According to Yahoo News, Elon Musk's company X, formerly known as Twitter, has been granted three additional money transmitter licenses in the US states of South Dakota, Kansas, and Wyoming. This brings the total number of states where the company is allowed to engage in money transfers to twelve. The other states where the company had previously been granted a money transmitter license include Arizona, Georgia, Iowa, Maryland, Michigan, Mississippi, Missouri, New Hampshire, and Rhode Island.
The registrations are associated with a business named 'X Payments LLC,' formerly 'Twitter Payments LLC,' which will operate the money transfer operations at X. Musk confirmed the additions in a post on X, in response to an article by The Street which noted the Nov. 27 addition of South Dakota. The Street's reporting indicated the company had only been registered in 10 states, according to the Nationwide Multistate Licensing System's database. Now, the database is showing the most recent additions, as well.
Musk has previously spoken about his plans to morph X into a payments platform, having earlier detailed his vision for the future of the company shortly after the acquisition. He has described X as a place where users would be able to send money to others on the platform, and extract their funds to authenticated bank accounts, and perhaps later, a high-yield money market account that would encourage people to keep their cash in accounts with X. This plan would put X into competition with PayPal, a company Musk is crediting with co-founding via its merger with his X.com.

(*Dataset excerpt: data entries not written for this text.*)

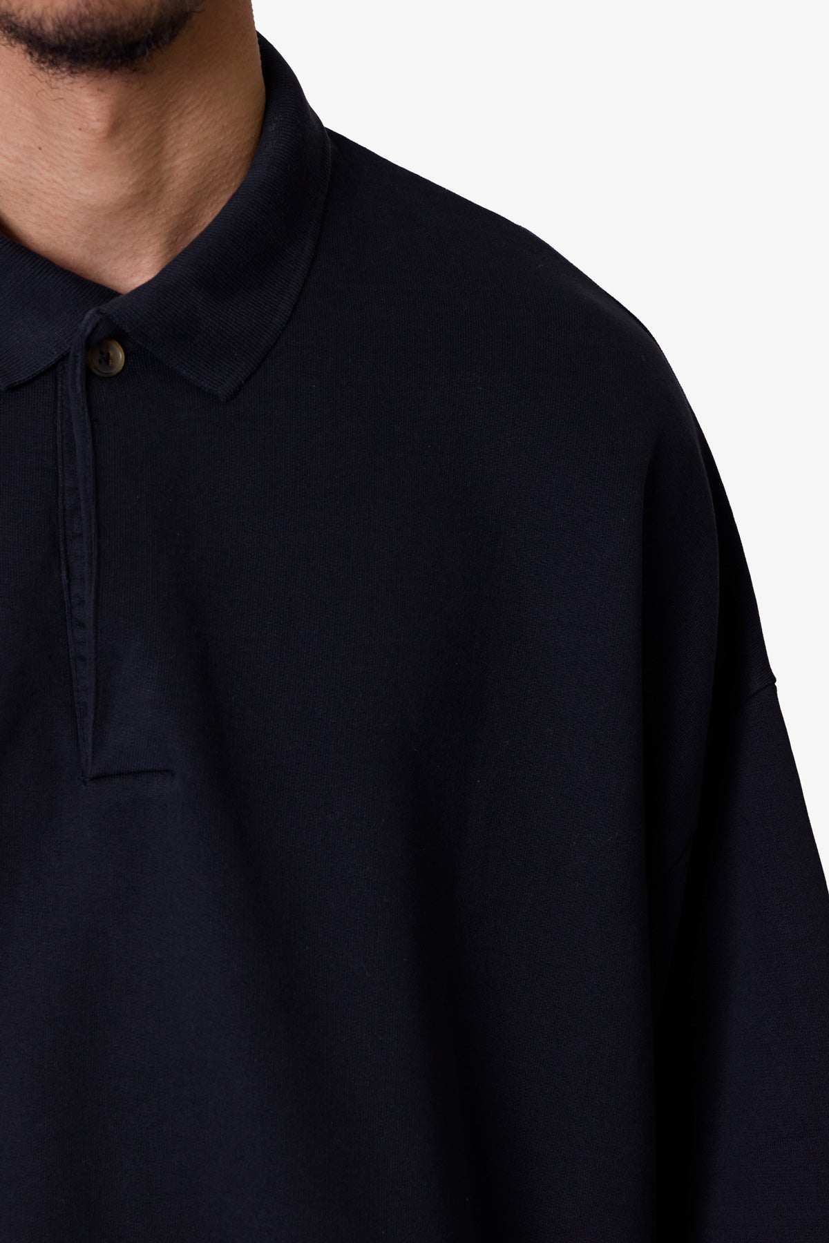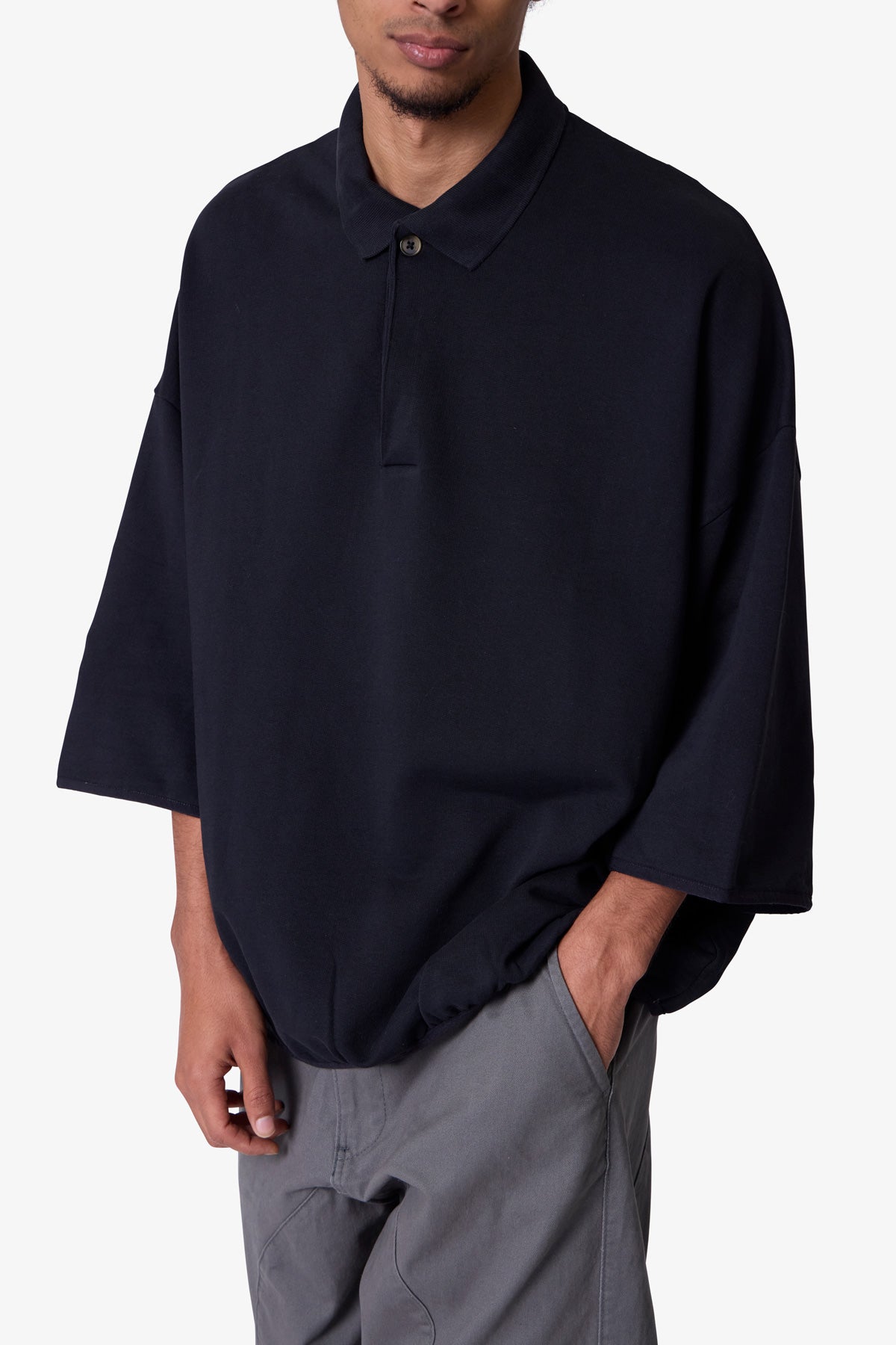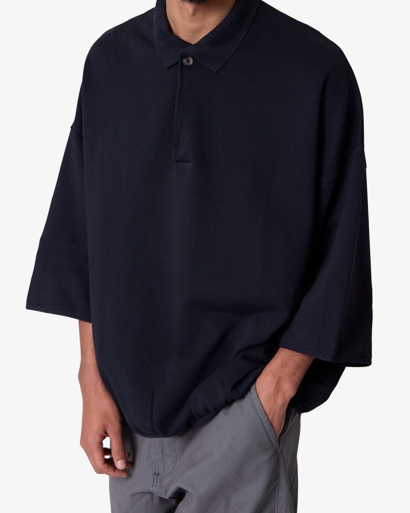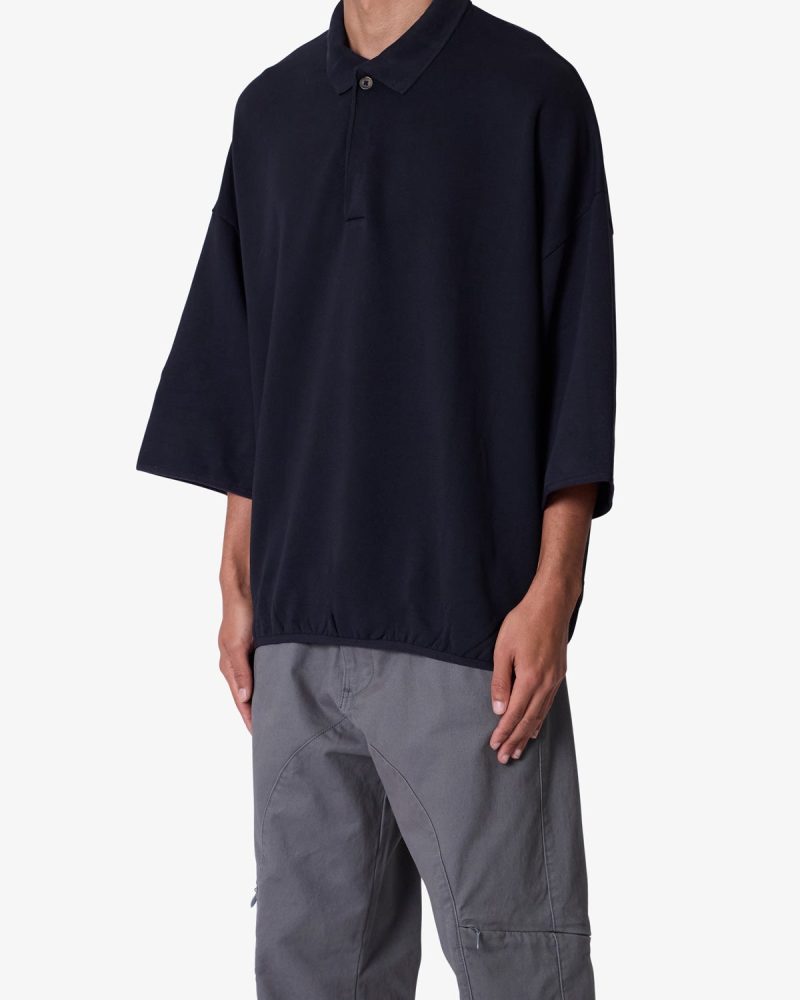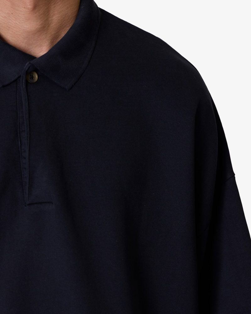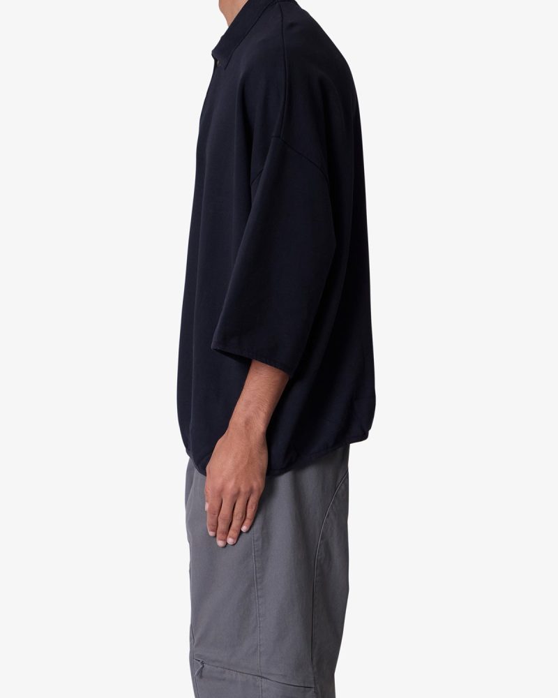 the Oversized Knit Polo S/S Shirt is a 100% cotton shirt that is constructed from jersey knit with a vintage wash. With a tonal collar and placket. and finished with a flat hem with tonal taping at the waist and sleeves.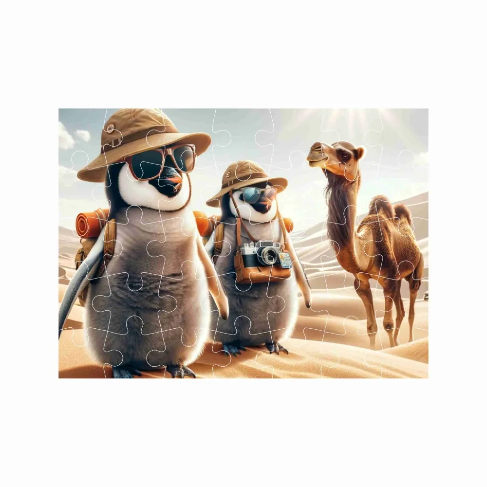 Puzzle 27x19,5cm (35 dílků) s obrázkem - tučňáci na poušti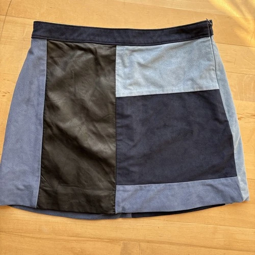 Abercrombie Fitch Patchwork Mini Skirt 6 Faux Suede Siren Y2K Black Blue Moto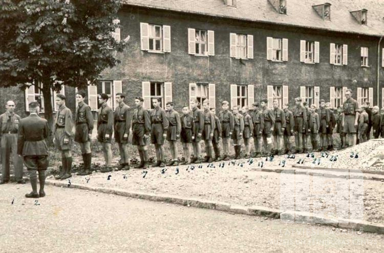 Latviešu skauti ierindā atstāj karoga laukumu Lohengrīnas nometnē Minhenē (amerikāņu zonā) Otrā pasaules kara beigu gadadienā pēc Latvijas valsts karoga pacelšanas. Ceremonijā piedalījās Daugmales 51. skautu vienība, Daugmales 22. gaidu vienība, lietuviešu un igauņu skauti un gaidas, Lohengrīnas nometnes administrācija un policija. Fonā divstāvu mūra ēka. Priekšplānā, kreisajā pusē zēnu ierindai priekšā stāv: Kārlis Stunda (vadītājs, pagriezies ar muguru). Labajā pusē priekšā zēnu ierindai stāv: Magnus Ezeriņš (vadītājs).

Payments are also tied into X's broader move into the creator economy, where X users with at least 500 followers and 5 million organic impressions on their posts over the past 3 months can become eligible for ads revenue sharing. However, X's ability to monetize via ads has taken a downturn in recent days, as an advertiser exodus was prompted by Musk's endorsement of an antisemitic post on the platform and reports that brands' campaigns were appearing next to hate speech. As a result, X has lost several larger advertisers, including Apple, Disney, IBM, Paramount, Warner Bros., Lionsgate, Comcast/NBCU, Walmart and others. The company said it would focus on small business advertisers in the near term and is also planning to make Musk's new AI, Grok, available to X's paid subscribers as another source of revenue.